The week is starting out right. I just got called in to work a full shift at an elementary school today.
Though working at a different school every time that I get called in creates its own set of stresses, I know that this is part of the learning curve. I am learning so much more than just 'the job'.
I have the opportunity to work in many different scenarios, with different staff and different dynamics at play. I choose to see this as 'shopping' for the (eventual) full-time position of my choosing.
I am taking tentative steps towards my future. A destination that I was convinced was 'the one' a few short weeks ago. One idle week at home (waiting for the phone to ring), placed all sorts of doubt in my mind.
I was 'tested' many, many times throughout my daycare career. Families would come and go. I would look ahead and question my ability to pay the bills. I had choices. I always chose to forge ahead with my decision to work from home. Each and every time that I firmly decided within myself to persevere, I was rewarded. Opportunities arose that allowed me to not only keep doing what I chose to do ... but allowed me the luxury of paying the bills.

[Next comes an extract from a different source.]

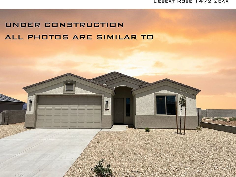 This brand new Desert Rose 1472 2-Car features numerous upgrades, including an open floor plan, split bedrooms, granite countertops, an inside laundry room, and a master suite with a walk-in closet. Exterior features include a tile roof, and front yard landscaping with an automatic watering system. This home also comes with a two/ten-year new Home Buyer's Warranty. Please note that the broker is the owner/seller.

Yesterday, I made the firm decision within myself to keep going in the direction that I knew was what I believed to be in my best interests. Now and in the future.
I shook off the pressure of deciding an alternate route. I don't have the energy, stamina nor self-esteem to choose an alternate direction right now. Especially because I already thought I was on the right path.
I still believe that I am on the correct highway. I have the opportunity to check out the side roads before I commit to following them to the end.
I am going to enjoy and make the most of this journey.